И директор, внезапно как будто избавившись уже насовсем от своей грязной рыбы, приобрёл вид ребёнка, едва только искупанного и обернутого в чистые пеленочки, и расплылся в улыбке — такой, что казалось такою она может быть только у человека, который чудесным образом взлетел в облака.

— Так… Что же?.. — неуверенно, но всё же спросил Женя, немножко погодя.

И этот вопрос тут же вернул главного редактора из облачных кущей к такой ненавистной ему рыбе.

— Ну… Ну, что, Вы сами не понимаете?.. Ну Вы же понимаете!.. Ну?.. Ну, Вам придется теперь, дорогой мой, либо писать, как Вы можете… Насколько Вы можете нехудожественно… И добывать самому темы для статей… Ну или… Или же… Ну или — Вы сами понимаете… Вот так-то…

Женя молча кивнул.

Вот так-то…

Да…

Что-то надо думать…

Женя попытался расслышать в оглушающей тишине, которая звучала в мозгу, хоть какую-нибудь дельную мысль… И пока пытался — вертел в руках картонный "компас".

— Это… Что у Вас? — спросил директор откуда-то сверху. Женя поднял глаза но не успел подумать — что же ответить. — Вы… Что же, ещё поделки делаете, да?.. Вроде как — своими руками… Правильно я Вас понимаю? Ну… Вы смотрите… поаккуратнее. В нынешней ситуации на Вас могут и донос за такое настрочить, но… Пока, конечно, нет. Пока что ещё партия снисходительно относится к тем кто… заблуждается. Ведь закон же только ещё вышел и… Не все успели перестроиться…

— Да… Нет. Это не я. — промямлил Женя, — Это… Вообще не знаю кто. Мне так… Под ноги упало. Сам не знаю откуда…

— Вот!.. Правильно! Если вдруг что — так и говорите всем… Потому что, я-то, конечно, Вас понимаю, Евгений Сергеевич… Мы с Вами, оба, люди в прошлом творческие… тьфу-тьфу… Но многие… знаете ли, сейчас могут и не понять… Потому что всё… для желудка, как бы… надо бы… Но… Но, хотя… Знаете — нет. Нет, нет… Эта отговорка выглядит слишком не реалестично. Вы лучше придумайте себе ещё, мой дорогой… Потому что партия сейчас прямо осуждает…

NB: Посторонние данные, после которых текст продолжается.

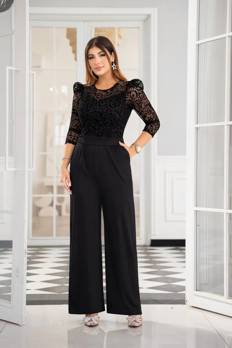 پارچه **فلوک گیپوری** در قسمت بالاتنه با بافت مخملی و طرح برجسته خود جلوهای لوکس دارد؛ در حالی که بخش پایینتنه از پارچه **غواصی باکیفیت بالا** تهیه شده تا استایل در عین راحتی، خوشفرم و ایستا باشد.

— Да почему же — отговорка?.. — немного безразлично ко всему от всего грянувшего над ним как гром ужаса, заметил Женя, — Нет… Это мне, правда, упало под ноги… Я сам и не знаю откуда… Дома были далеко. И голуби тоже… И это… Он вообще какой-то странный — он весь, как видите, из картона, а стрелка будто бы намагничена… — и Женя с безразличным выражением лица протянул директору картонную игрушку. — Сам и не знаю… Что это.

— А… А Вы точно… — задумавшись начал разглядывать игрушку директор, — Вы точно были на улице одни?.. Мой до… Точно? — закончил он немного строго.

— Да, да… И ни-ко-го вокруг… Вы же знаете какая погода?.. Сейчас все сидят по домам…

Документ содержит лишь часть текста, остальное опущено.